At a press conference this week, New York State Gaming Commission equine medical director Dr. Scott Palmer revealed that the majority of New York-based Thoroughbreds with trainers under federal indictment tested positive for clenbuterol in the weeks after the March arrests that rocked the racing world.

Standardbreds and Thoroughbreds that were trained by anyone named in the March indictment of more than two dozen trainers, veterinarians, and drug distributors in an alleged doping scheme were put on the veterinarian's list for 60 days and had biological samples taken for testing. Palmer said this week that the horses were tested at least twice during this period. Of nearly 100 Thoroughbreds based in the New York at the time, Palmer said 77 had levels of clenbuterol in their blood.

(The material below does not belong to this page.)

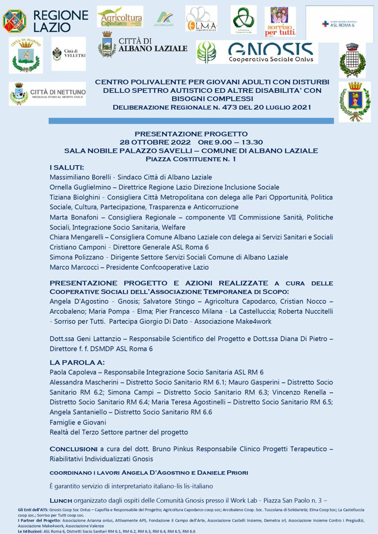 Le attività del nuovo Centro che, come si come si legge nella deliberazione approvata lo scorso anno dalla Regione Lazio (N. 473 del 20 Luglio 2021) intende realizzare un autentico “cambio di paradigma con percorsi innovativi e partecipati di inclusione sociale della disabilità in età adulta”, saranno coordinate dalla Cooperativa Sociale Gnosis, responsabile del progetto e capofila della rete di cooperative sociali del territorio costituitasi in associazione temporanea di scopo (ATS) insieme ad altre cinque (Agricoltura Capodarco, Arcobaleno, Elma, La Castelluccia e Sorriso per Tutti).

Though Palmer is still compiling veterinary records for some of those horses, so far he says none of those records show administration of clenbuterol. That leads him to suspect the drug was not being given as part of a legitimate treatment for a diagnosed condition, but rather for its side effects, which mimic anabolic steroids with repeated usage.

Palmer called the discovery “concrete evidence that clenbuterol was being widely abused in the Thoroughbred horses,” according to the Thoroughbred Daily News.

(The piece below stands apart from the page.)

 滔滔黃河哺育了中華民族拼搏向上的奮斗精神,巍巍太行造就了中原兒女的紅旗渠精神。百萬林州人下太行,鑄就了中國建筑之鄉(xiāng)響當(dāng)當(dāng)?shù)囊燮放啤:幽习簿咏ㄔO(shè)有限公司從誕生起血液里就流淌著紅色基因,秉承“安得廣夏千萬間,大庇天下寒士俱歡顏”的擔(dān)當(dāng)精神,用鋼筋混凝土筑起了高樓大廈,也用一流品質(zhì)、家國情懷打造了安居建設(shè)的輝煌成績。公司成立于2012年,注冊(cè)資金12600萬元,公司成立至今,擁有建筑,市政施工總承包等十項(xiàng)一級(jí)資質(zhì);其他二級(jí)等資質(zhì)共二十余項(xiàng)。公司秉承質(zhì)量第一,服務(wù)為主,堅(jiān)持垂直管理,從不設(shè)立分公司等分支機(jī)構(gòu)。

This isn't the first time testing has revealed widespread clenbuterol usage by the indicted trainers. In September, Kentucky Horse Racing Commission equine medical director Dr. Bruce Howard revealed that similar testing on Kentucky-based horses resulted in “a near 100 percent rate” of clenbuterol administration based on hair testing. Howard said that separately, treatment sheets submitted to the Kentucky commission as part of its veterinary disclosure rules have shown incidents of veterinarians prescribing the drug to entire barns.

Palmer said Mid-Atlantic states will likely tighten restrictions around clenbuterol administration.

Clenbuterol was one of several substances described in federal court documents as being favored by defendants for its performance-enhancing effects. Most of the other drugs listed there, such as EPO-like substances and “pain blockers,” are not permitted in active racehorses at all.